That the Christian Religion, or any Religion, continued to exist; that some martyr heroism still lived in the heart of Europe to rise against mailed Tyranny when it rode triumphant, was indeed no merit in the age of Louis XV., but a happy accident which it could not altogether get rid of. For that age too is to be regarded as an experiment, on the great scale, to decide the question, not yet, it would appear, settled to universal satisfaction: With what degree of vigour a political system, grounded on pure Self-interest, never so enlightened, but without a God or any recognition of the godlike in man, can be expected to flourish; or whether, in such circumstances, a political system can be expected to flourish, or even to subsist at all?
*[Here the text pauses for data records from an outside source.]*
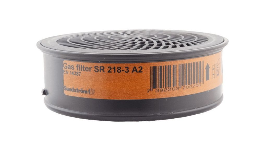 Sundström Gasfilter SR 218, klass 2, är särskilt framtaget för att användas med Sundströms halv- och helmasker. Det är av typ A och skyddar effektivt mot organiska gaser och ångor som har en kokpunkt över +65 °C, inklusive lösningsmedel. För extra skydd kan det lätt kombineras med partikelfilter SR 510 P3 R, vilket ger skydd mot aerosoler, särskilt vid sprutmålning. Filtret erbjuder också optimerad upptagningsförmåga för gaser och ångor.
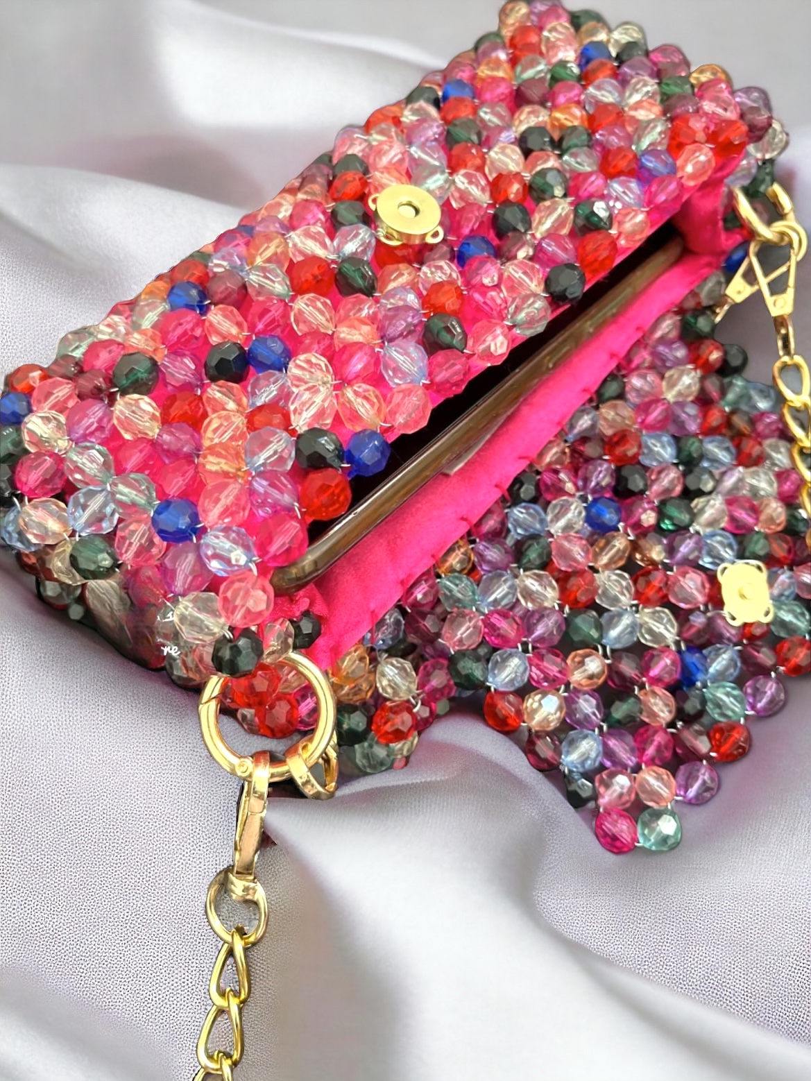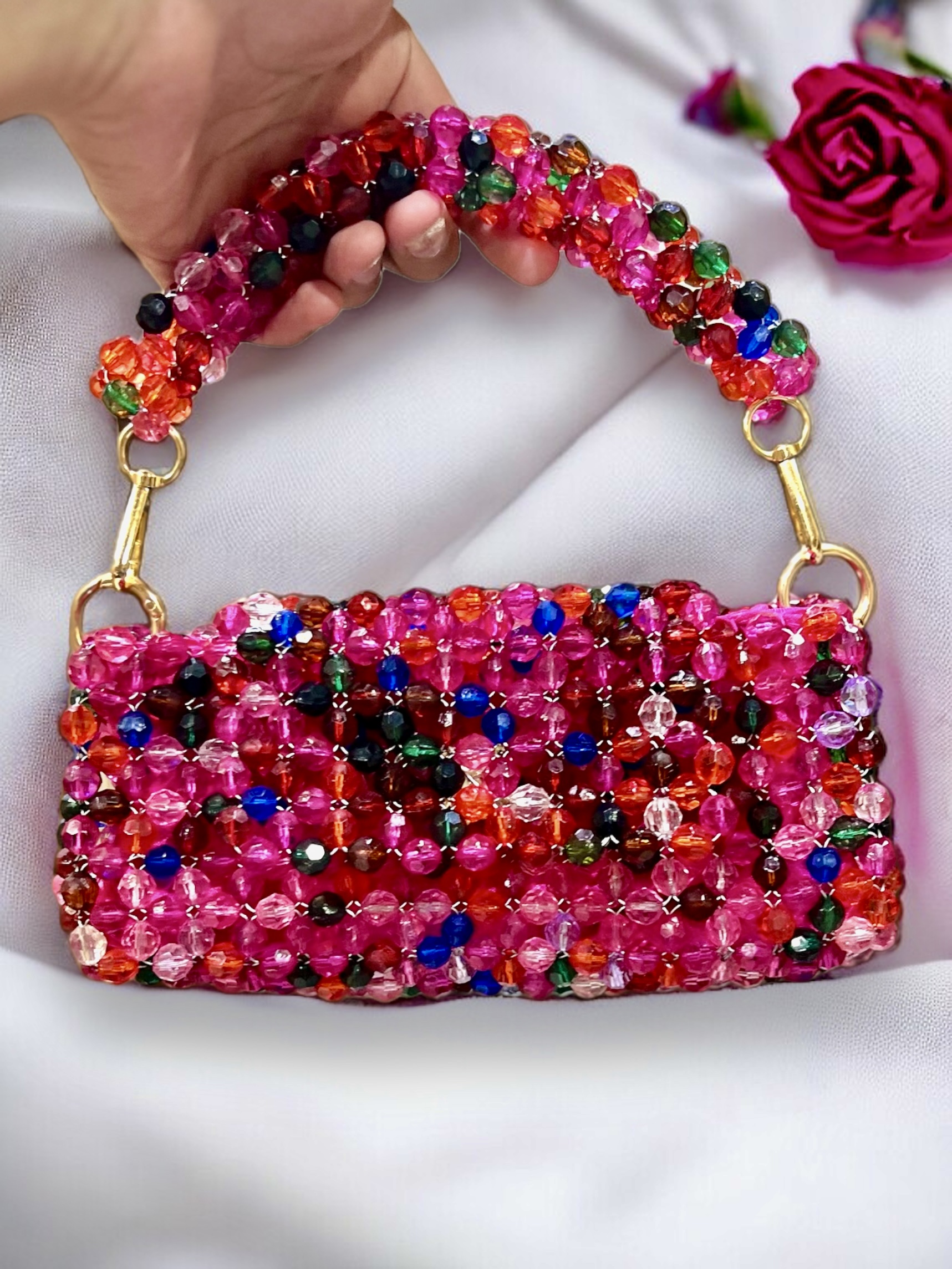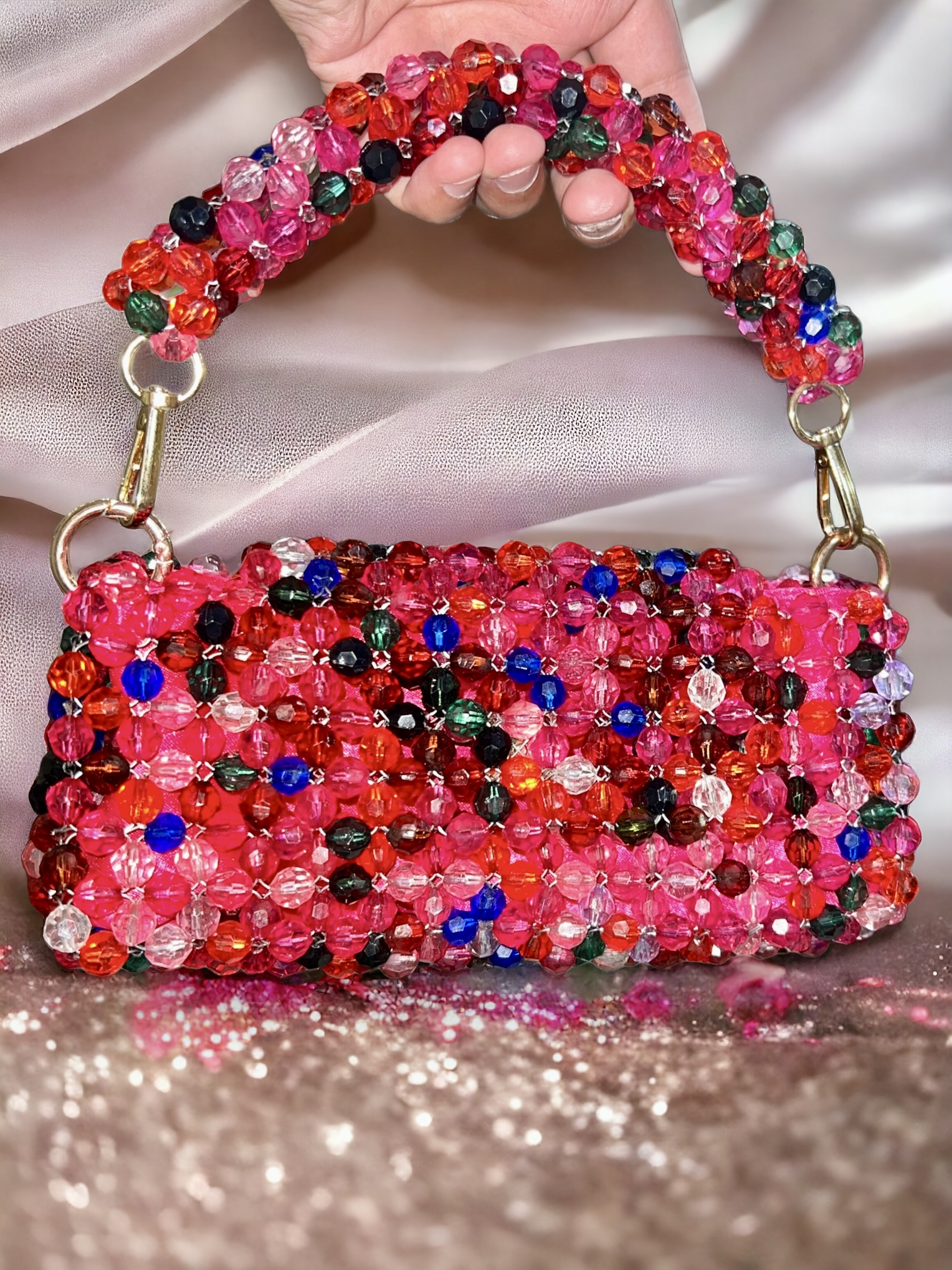Crystals, clutch, handbag, bag, rainbow, colorful, satin lining, stones, magnetic closure, short crystal handle, crystal handle
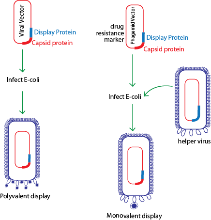 Figure 3: Proteins fused to capsid proteins can be displayed in either of the two formats. Protein can be cloned directly into a viral vector as a fusion to a capsid protein resulting in every copy of the capsid protein displaying the fusion (polyvalency). In case of polyvalent display all gpIII are conjugated with peptide and this results in occasional lost of infectivity. Alternatively, the protein fusion can be constructed in a phagemid vector that carries a copy of the viral capsid gene. In this case, helper phages are mixed at the time of infection. As caspid protein also comes from helper phage (during viral assembly in E.coli ), infectivity of phage displaying peptide is not compromised. However, valency of display of peptide is decreased. This may have some disadvantages at the time of selection. The valancy of display depends on ratio of phage containing phagemid vector and helper phage at the time of infection. Since the helper phage do not carry a drug resistance marker, they are lost upon subsequent selection for drug resistance.
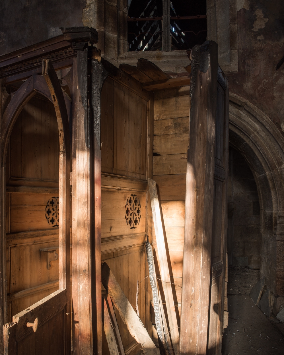 Trémel, le bourg : église paroissiale Notre-Dame, vue intérieure (après l'incendie du 21 juin 2016)Immatriculation
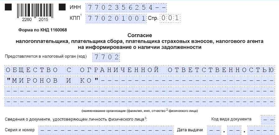 Согласие форма 1160068
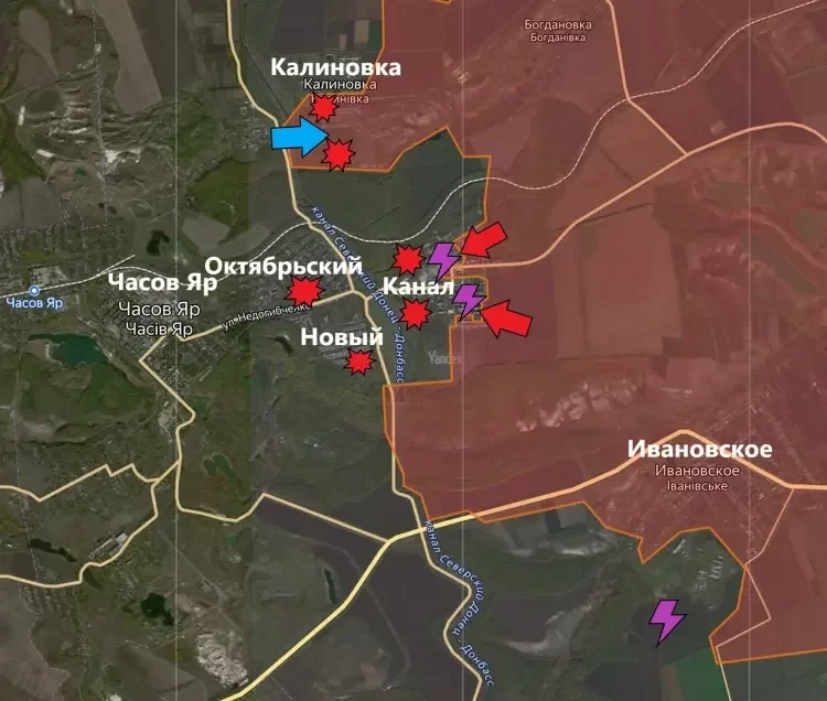 Карта боевых действий под Часов Яром на сегодняшний день, 13.06.2024
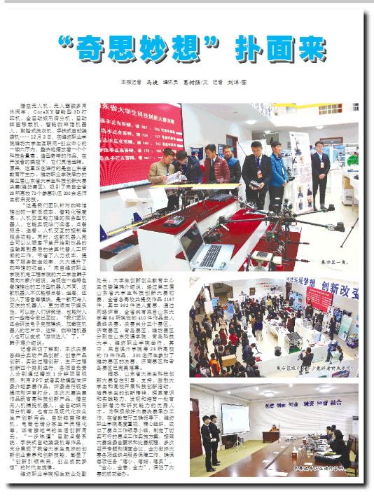 猎空无人机、无人驾驶多用休闲车、CoreXY智能型3D打印机、全自动纸币清分机、自动钵苗移栽机、智能咖啡馆机器人、脚踏式洗衣机、手扶式自动装袋机……12月3日,在九游·官方网站潍坊大学生互联网+创业中心的一楼大厅内,整齐地摆放着一个个科技含量高、造型奇特的作品,在开发者的操控下,它们灵活运转。原来,这里正在进行的是由山东省教育厅主办、九游·官方网站承办的第三届山东省大学生科技创新大赛决赛(潍坊赛区),吸引了来自全省28所高校73个参赛队伍300余名师生前来竞技。
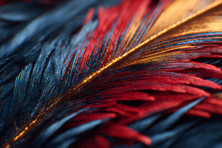 A vivid close-up of a feather showcases a blend of deep red, rich blue, and shimmering gold tones. The intricate details highlight the textures and patterns of nature's beauty.
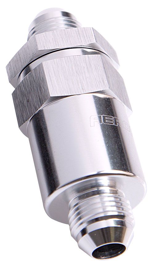 Aeroflow’s fuel filters are CNC-machined from billet aluminium with a removable bronze element and are available with either AN fittings or hose barbs.
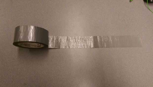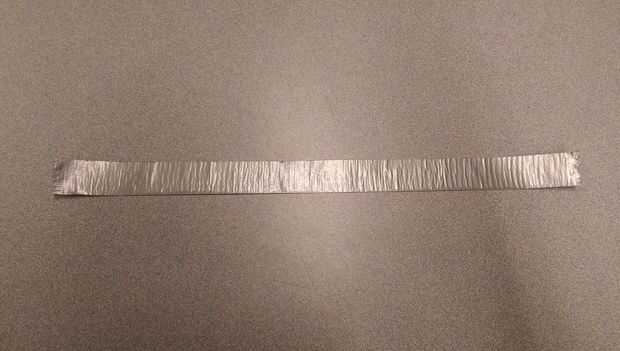 Empiece con una tira de cinta adhesiva alrededor de 12 pulgadas de largo. Doblar por la mitad longitudinalmente. Tenga cuidado para evitar las arrugas.
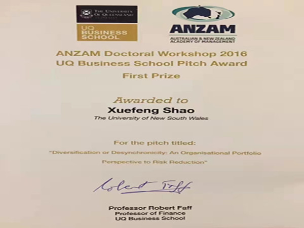 “欲戴王冠,必承其重。”荣耀的背后是一串串充满汗水的足迹。今年是邵雪峰离开家乡海外求学的第十三年。他在澳大利亚新南威尔士大学先后获得硕士、博士学位,悉尼科技大学博士后。攻读博士学位期间,还拿到了新南威尔士全额奖学金,被校方在校报上以大篇幅进行报道。博士毕业论文更获得澳大利亚新西兰管理学会毕业论文一等奖、战略领域最佳论文。

It is contended by many that our mere love of personal Pleasure, or Happiness as it is called, acting on every individual, with such clearness as he may easily have, will of itself lead him to respect the rights of others, and wisely employ his own; to fulfil, on a mere principle of economy, all the duties of a good patriot; so

that, in what respects the State, or the mere social existence of mankind, Belief, beyond the testimony of the senses, and Virtue, beyond the very common Virtue of loving what is pleasant and hating what is painful, are to be considered as supererogatory qualifications, as ornamental, not essential. Many there are, on the other hand, who pause over this doctrine; cannot discover, in such a universe of conflicting atoms, any principle by which the whole shall cohere; for if every man's selfishness, infinitely expansive, is to be hemmed-in only by the infinitely-expansive selfishness of every other man, it seems as if we should have a world of mutually repulsive bodies with no centripetal force to bind them together; in which case, it is well known, they would, by and by, diffuse themselves over space, and constitute a remarkable Chaos, but no habitable Solar or Stellar System.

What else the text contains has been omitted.